Shiny PCA Maker

December 21, 2023 ยท View on GitHub

This Shiny application takes a CSV file of count/expression data and a CSV of metadata, allows you to select a few parameters to compute a Principal Components Analysis, returning several diagnostic plots and tables. The plots include a scree plot and a biplot of Principal Components.

You can chose which columns to include in the PCA, and which column to use as a grouping variable for coloring. You can choose to center, scale, or normalize (via rlog or vst). You can choose which PCs to include on the biplot.

The biplot of PCs is interactive, so you can click on points or select points and inspect the details of those points in a table.

How to run or install

There are several ways to run/install this app.

Running from Github

If you have R/RStudio and all of the prerequisites installed (see below for dependency installation), you can run it directly from Github like so:

library(shiny)
runGitHub("shiny-pca-maker", "LJI-Bioinformatics", launch.browser = TRUE)

Running locally

Dependency installation

If running from Github or locally with R/RStudio, you can install the dependencies with the following commands:

install.packages(c('shiny', 'ggplot2', 'DT', 'GGally', 'psych', 'Hmisc', 'MASS', 'tabplot'))
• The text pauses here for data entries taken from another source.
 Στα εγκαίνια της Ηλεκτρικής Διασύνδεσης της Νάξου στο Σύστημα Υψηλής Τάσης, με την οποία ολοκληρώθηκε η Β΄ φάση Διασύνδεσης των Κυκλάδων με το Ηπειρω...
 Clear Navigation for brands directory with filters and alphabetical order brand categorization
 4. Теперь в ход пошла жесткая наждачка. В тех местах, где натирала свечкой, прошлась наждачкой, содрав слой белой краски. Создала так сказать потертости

Next, install the DESeq2 package from BioConductor. For R version >= 3.5:

if (!require("BiocManager", quietly = TRUE))
    install.packages("BiocManager")
BiocManager::install('DESeq2', update=FALSE, ask=FALSE)
BiocManager::install('genefilter', update=FALSE, ask=FALSE)

For R versions < 3.5:

source("https://bioconductor.org/biocLite.R")
biocLite('DESeq2')

There are multiple ways to run locally, including with Docker or directly in R/RStudio. Both require you to clone the git repository to your machine:

git clone https://github.com/LJI-Bioinformatics/Shiny-PCA-Maker.git LOCAL_DIR

Replace LOCAL_DIR with the directory into which you would like to clone. For the rest of this README, we will assume it is in your home directory, at:

~/Shiny-PCA-Maker

Running locally with Docker

If you have Docker installed, you can start a container to run the server. You can either build it from the dockerfile, or use the prebuilt image available on dockerhub.
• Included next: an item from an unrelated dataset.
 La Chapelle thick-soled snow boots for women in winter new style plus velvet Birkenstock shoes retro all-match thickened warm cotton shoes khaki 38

To build the image locally and run:

docker build --platform linux/amd64 --tag shiny_pca_maker .
docker run -d --platform linux/amd64 -p 3838:3838 shiny_pca_maker

Otherwise, to use the pre-built image:

docker run -d --platform linux/amd64 -p 3838:3838 jgbaum/shiny_pca_maker

This will start a server at port 3838, which you can reach from your browser at:

http://localhost:3838

Running locally with R/RStudio

To run this app directly from your R/RStudio installation, first ensure that dependencies are installed (as described below). Open up R/RStudio and type:

setwd("~/Shiny-PCA-Maker")
runApp(launch.browser = TRUE) 

How to use

Start on the first (left-most) tab to upload/validate your count and metadata files, then click on each tab, in order from left to right, to see the results.

Input data

This tool requires two input files:

Count Matrix

This is a matrix of counts/expression values where the rows are genes/features and the columns are samples. The names of the columns are the sample names and they must correspond to the row names of the metadata (described below). The format is similar to what would be accepted for the 'expr' slot of a Bioconductor ExpressionSet. Here is an example count matrix.

Metadata

This file should contain one row per sample and have columns that indicate properties of interest. These will be the variables by which the PCA plots can be colored. The format is similar to what would be accepted for the 'phenoData' slot of a Bioconductor ExpressionSet. Here is an example metadata file.

Feedback, contributing, etc.

Please open an issue if you find something that doesn't work as expected.

License

This code is licensed under the GPL v3.0. Aternative, commercial-friendly licenses available upon request.